それゆゑ、ロシア(舊ソ連の承繼國家)によつて現在もなほ不法に侵奪され續けてゐる北方領土の奪還、韓國によつて不法に侵奪され續けてゐる竹島の奪還については「回復戰爭」が可能であり、我が國にホロコーストの目的で原爆を投下しながらも、いまだに核軍縮をなさないアメリカに対しては核による報復の「處罰戰爭」が可能である。我が國には核による對米報復權が認められるといふことである。しかし、この權利があることと、その權利を直ちに行使しうるか否かとは全く別問題である。手續等の要件が滿たされない限り、直ちに行使しうるものでないことは勿論である。それは、國際法が定める手續を遵守する戰爭を以て合法な戰爭と定義されることから、最終的には、カロライン号事件(1837+660)以降に國際慣習として確立してきた自衞權行使の三要件である①急迫性(急迫不正な侵害があること)、②補充性(その侵害を排除する上で他に手段がないこと)、③相當性(排除するための實力行使は必要最小限度であること)が必要となつてくるであらう。
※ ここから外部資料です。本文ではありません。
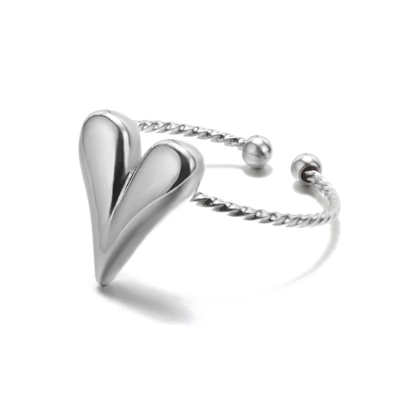 Gold Heart Couple Rings – Stainless Steel Anniversary Wedding Jewelry

その意味では、北朝鮮による拉致事件の最終解決については、被害者全員の身柄引渡請求、拉致事件の関与者や指示者の特定と被害状況等についての調査報告要求、我が國による直接の調査を容認させる請求、犯人の引渡請求などをなし、それでもこれらに應じない場合は、武力による奪還と軍事制裁をなすことの警告等をなし、これらの適正な段階的手順を經て、回復戰爭ないしは處罰戰爭によることができるのであり、これ以外に解決の方法は殘されてはゐないのである。

それゆゑ、占領憲法を憲法として錯覺し續ける限り、拉致事件は永久に解決しないことが解るはずである。